Pragya Srivastava, Harman Singh, Rahul Madhavan, Gandharv Patil, Sravanti Addepalli, Arun Suggala, Rengarajan Aravamudhan, Soumya Sharma, Anirban Laha, Aravindan Raghuveer, Karthikeyan Shanmugam, Doina Precup

2025-06-24

Robust Reward Modeling via Causal Rubrics

Summary

This paper talks about Crome, a new framework developed to make reward models for AI more reliable and accurate by using causal reasoning and special data augmentations.

What's the problem?

The problem is that current reward models can be tricked by irrelevant or misleading features in data, causing them to give wrong rewards and leading AI to behave unexpectedly or badly.

What's the solution?

The researchers introduced Crome, which uses two types of synthetic training data: causal augmentations that focus on real important qualities like factual accuracy, and neutral augmentations that ignore irrelevant differences like style.
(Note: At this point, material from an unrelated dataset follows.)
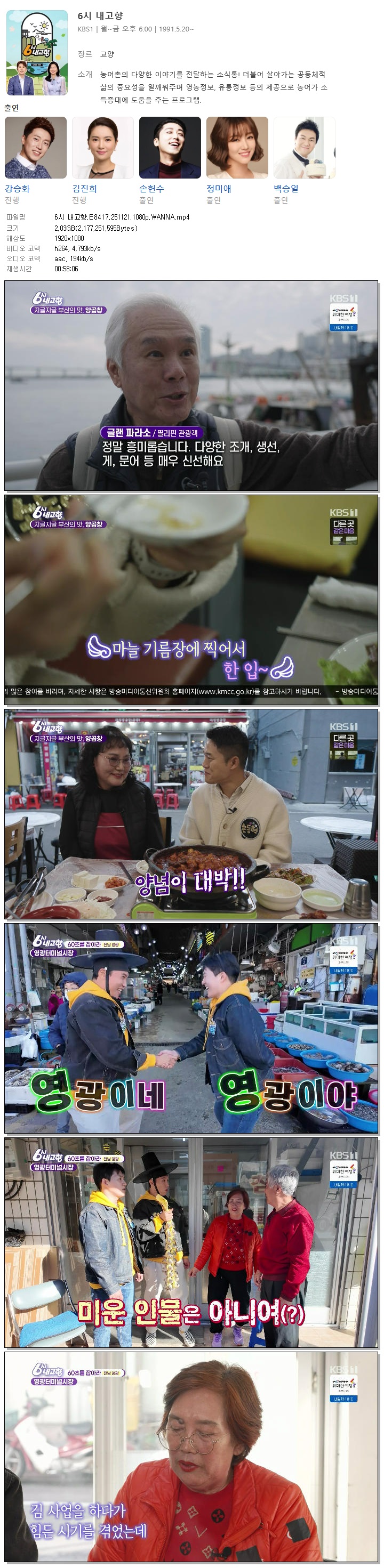 [KBS1] 6시 내고향.E8417.251121.1080p.WANNA[강승화, 김진희].mp4 2 G 00:58:06 1920x1080

This approach makes the reward model focus on true qualities and avoid being fooled by spurious details.

Why it matters?

This matters because better reward models help train AI systems that behave more safely, fairly, and effectively by understanding what really matters, reducing errors caused by misleading information.

Abstract

Crome, a novel reward modeling framework using causal and neutral augmentations, significantly improves the robustness and accuracy of reward models against reward hacking.